The following substitution:

$x^{1/7} = \tan{p} \implies x = \tan^7(p) \implies dx = 7\sec^2(p)\tan^6(p)dp$

This transforms the integral to:

$I_2 = \int_{0}^{\pi/4} \tan^7(p)dp$

Consider the general integral:

$J_n = \int_{0}^{\pi/4} \tan^n(p)dp \implies \int_{0}^{\pi/4} \tan^{n-2}(p)\left(\sec^2(p)-1\right)dp$ $J_n = \int_{0}^{\pi/4} \tan^{n-2}(p)\sec^2(p) - J_{n-2}$ $J_n = \left.\frac{\tan^{n-1}(p)}{n-1}\right\vert_{0}^{\pi/4} -J_{n-2}$ $\boxed{J_n = \frac{1}{n-1} - J_{n-2}}$

Now, applying this formula recursively:

$I_2 = J_7 = \frac{1}{6} - J_5 \implies I_2= \frac{1}{6} - \frac{1}{4} + \frac{1}{2} - J_1 = \frac{5}{12}-J_1$ $I_2 = \frac{5}{12} - \int_{0}^{\pi/4} \tan(p)dp \implies I_2 = \frac{5}{12} - \frac{\ln{2}}{2}$

Therefore:

$I = \frac{\pi}{4} - I_2 \implies \boxed{I = \frac{\pi}{4} + \frac{\ln{2}}{2} - \frac{5}{12}}$

I have skipped explaining steps which I consider trivial.

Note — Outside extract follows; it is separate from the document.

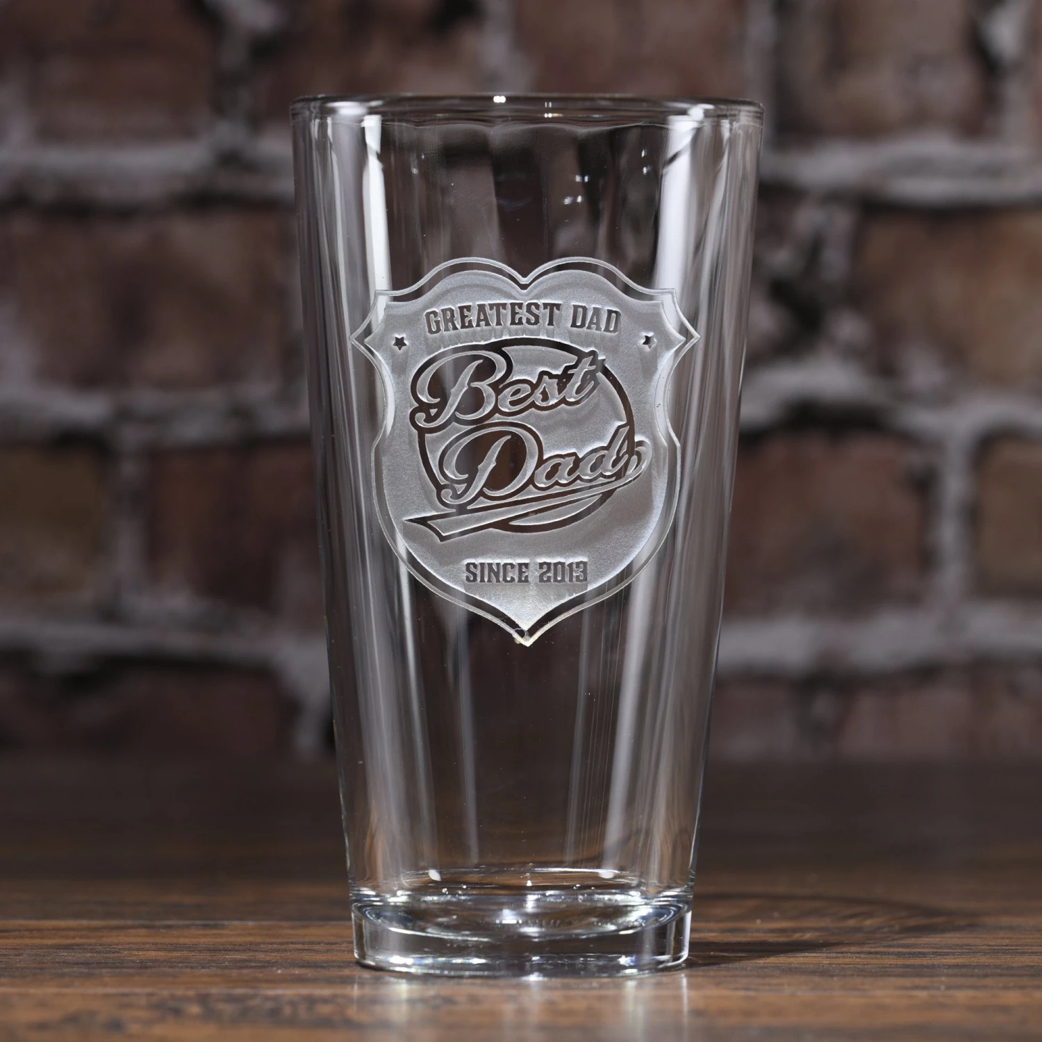 World’s Best Dad pint glass is a cool Father’s Day Gift or birthday gift for your dad. Custom engraved with his name and the year he became a father to truly personalize this special gift for dad! Great for beer, water, iced-tea, soda pop and everyday beverages.

I will elaborate if requested.

We have $\begin{aligned} \frac1{1+x^2} &= 1-x^2+x^4-\cdots \\ \arctan(x) &= x-\frac13 x^3 + \frac15 x^5 - \cdots \\ \arctan(\sqrt[7]{x}) &= x^{1/7} - \frac13 x^{3/7} + \frac15 x^{5/7} - \cdots \\ \int_0^1 \arctan(\sqrt[7]{x}) \, dx &= \frac78 x^{8/7} - \frac7{10} \frac13 x^{10/7} + \frac7{12} \frac15 x^{12/7} - \cdots \bigg|_0^1 \\ &= \frac7{1 \cdot 8} - \frac7{3 \cdot 10} + \frac7{5 \cdot 12} - \cdots \\ &= \frac11 - \frac18 -\frac13 + \frac1{10} + \frac15 - \frac1{12} - \cdots \end{aligned}$ Now $\frac11 - \frac13 + \frac15 - \cdots = \frac{\pi}4,$ and $\begin{aligned} -\frac18 + \frac1{10} - \frac1{12} + \cdots &= -\frac12 + \frac14 - \frac16 + \left( \frac12 - \frac14 + \frac16 - \frac18 + \frac1{10} - \frac1{12} + \cdots \right) \\ &= -\frac5{12} + \frac12 \left( 1 - \frac12 + \frac13 - \frac14 + \cdots \right) \\ &= -\frac5{12} + \frac12 \ln(2), \end{aligned}$ so the integral is $\frac{\pi}4-\frac5{12} + \frac{\ln(2)}2$ and the answer is $2+2+1+4+5+12 = \fbox{26}.$

(I have avoided difficult questions about the legality of rearranging terms in these conditionally convergent series because I am too lazy to resolve them!)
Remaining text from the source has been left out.